Behind these money-guided, impersonal entities are actual persons, CEOs and the more famous higher-ups: Jeff Bezos, Elon Musk, Bill Gates, Warren Buffet, Mark Zuckerberg. They direct the movements of their profit-making companies. I’ll let you decide if they deserve the label “evil,” but it can’t be denied that they have money to do whatever they want. And most of it comes from We the People. From new stuff we buy from them.
I hate them.
I want to stop funding them.

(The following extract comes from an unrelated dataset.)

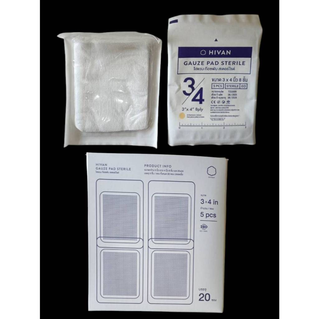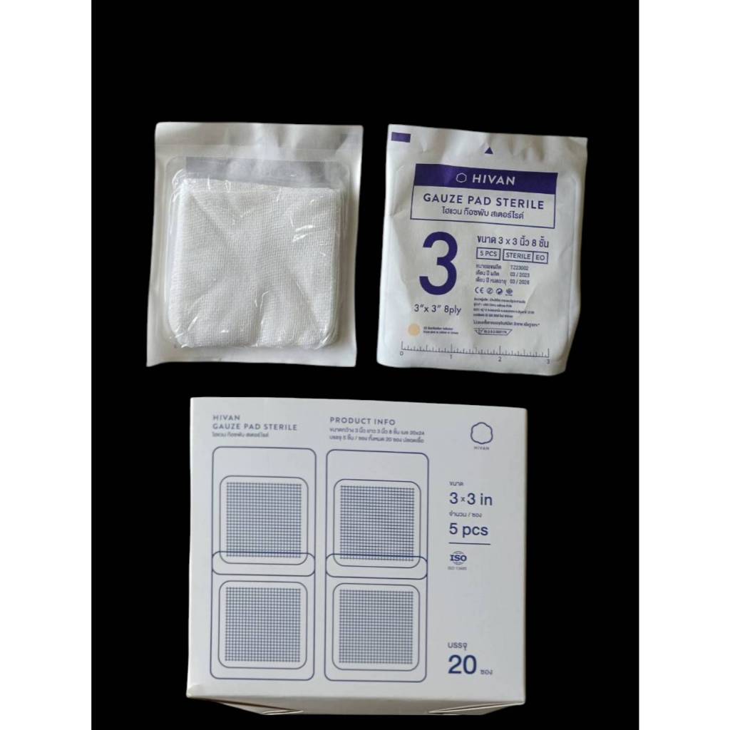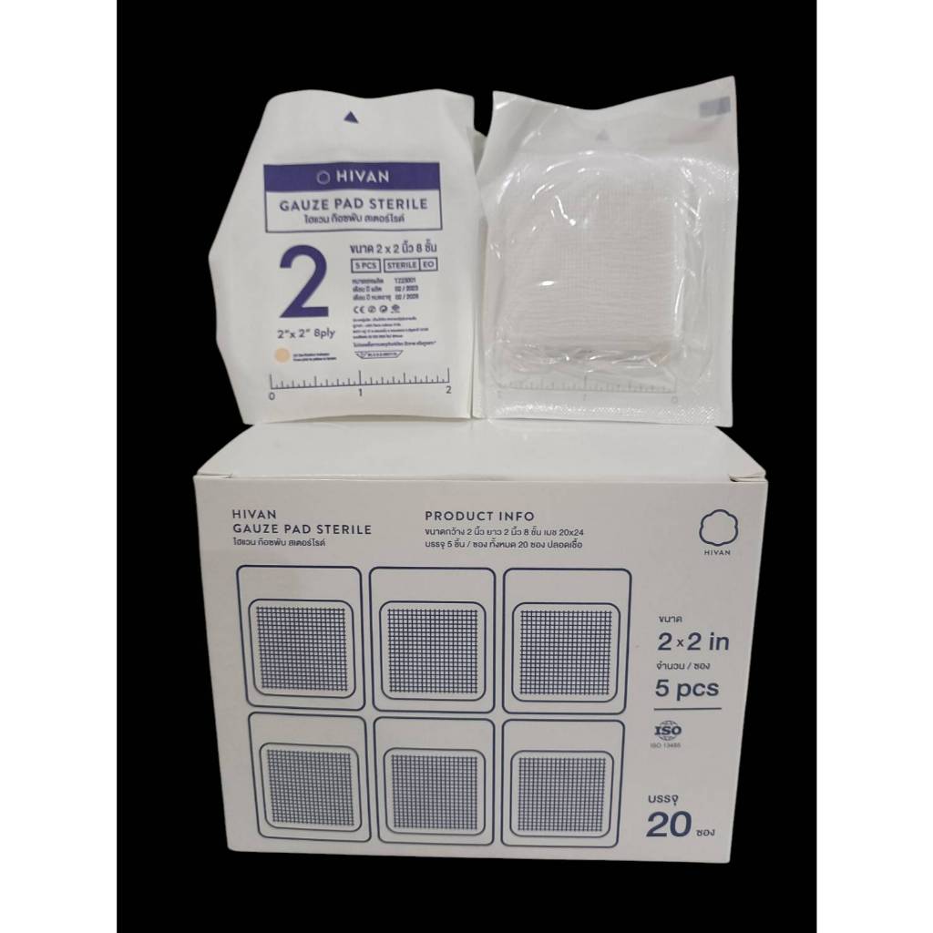 HIVAN-ผ้าก๊อซสเตอร์ไรด์ 5ชิ้น/ซอง , 20ซอง/กล่อง ผ้าก๊อซพับ ผ้าก๊อซพับปลอดเชื้อ ก๊อซแพด ก๊อซแผ่น
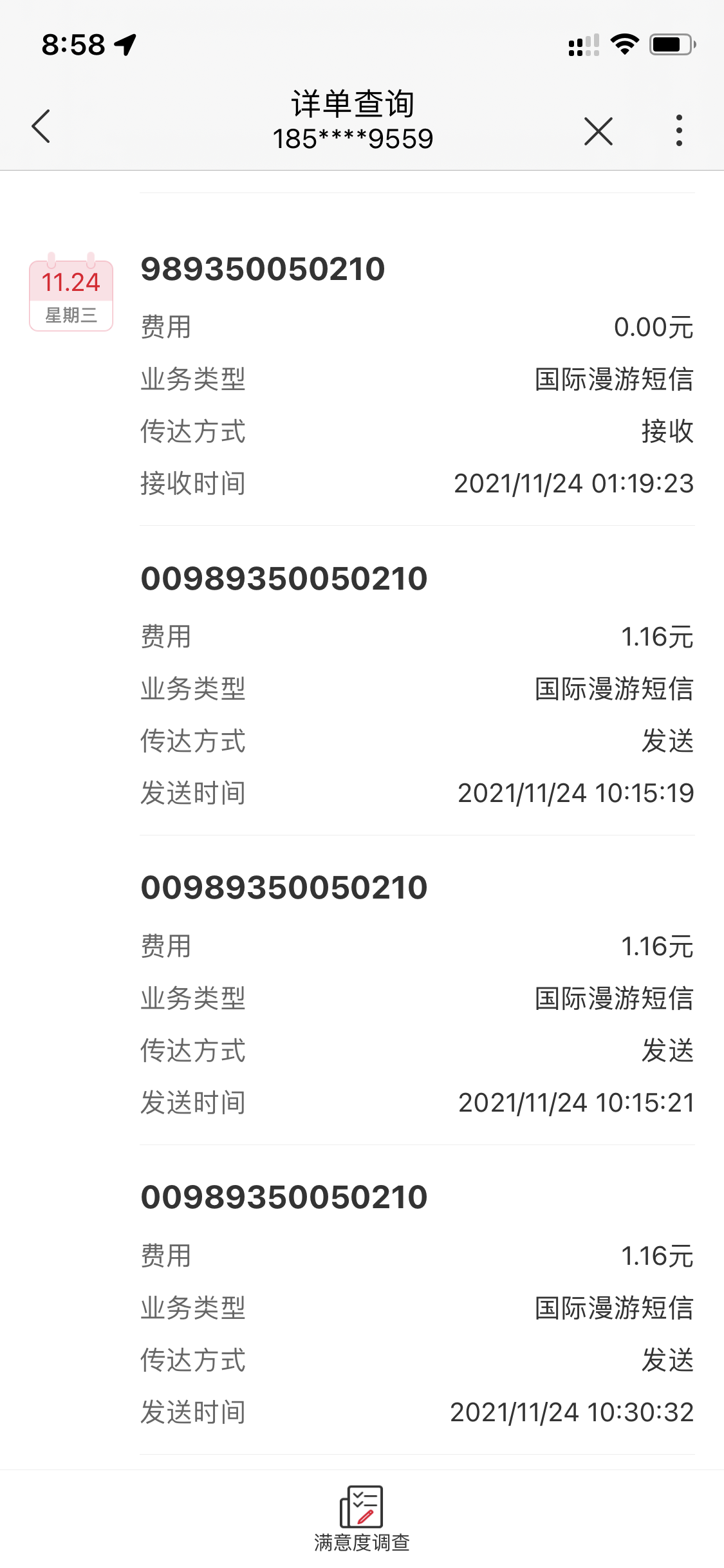 iPhone 11 pro,iOS15.1,中国联通的卡,目前在伊朗,每个月莫名其妙的手机自动向0098*********0这个号码发送短信,每条短信1.16元,每个月产生几百块大量费用,联通客服说,是苹果每次开飞行关飞行之后苹果手机会自动向服务器发送短信,而这个短信在国内是不收费的,到了国外,就成了漫游了,联通客服处理结果是每次打客服都会给我减免,或者减半费用。让我咨询苹果客服。苹果客服说不可能自动发信息、、、

To stop buying their new stuff. But they’ve set all kinds of traps to make this hard to do. Here’s just one of my personal examples: If I publish a book, it has to be listed on Amazon, or I can probably plan to count its total sales on my fingers. If I want to buy food or drink from a familiar-name grocery store, the items have most likely come from one of ten humongous companies—and unless I’ve memorized hundreds of brands, I won’t know which. If my laptop dies, and I want to keep posting this blog, I’ll probably have to buy a new one from IBM, Apple, Samsung, HP, Acer, or Toshiba—because I know nothing about the reliability of unknown smaller brands. (The reliability of the larger brands is questionable enough.)
We’re all trapped into funding the roots of evil in so many ways. Lifestyle voting—extended boycotting—has huge potential, but it isn’t easy, partly because of these traps. It’s not going to bring about an earthquake of change any time soon. As one friend realistically said, “Do you really think you’re gonna separate Americans from their stuff?”
Nope, I don’t. We need other kinds of activism, too. Maybe street protests, maybe lawsuits, maybe running for office. But living against consumerism, as far as we can, is also for our lives, now. For tastier and fresher food, and for free ingredients. For self-made entertainment. For minimizing toxins. For time to relax in a healing garden space. For having new kinds of fun. For happier shopping—in thrift stores, yard sales, alleys, the curbside mall, buy-nothing groups. For coming up with original inventions. For realizing a new, confident identity. For living with the sense of a benevolent universe. For carving out a true, practical independence. In other words, the various topics of this blog. It’s quite a list. But I’m really not overpromising.
I don’t make any money on this thing. Wouldn’t care to. It’s a labor of love.
Which would you rather have, money or love? Thanks, dear readers, for your faithful visits and love.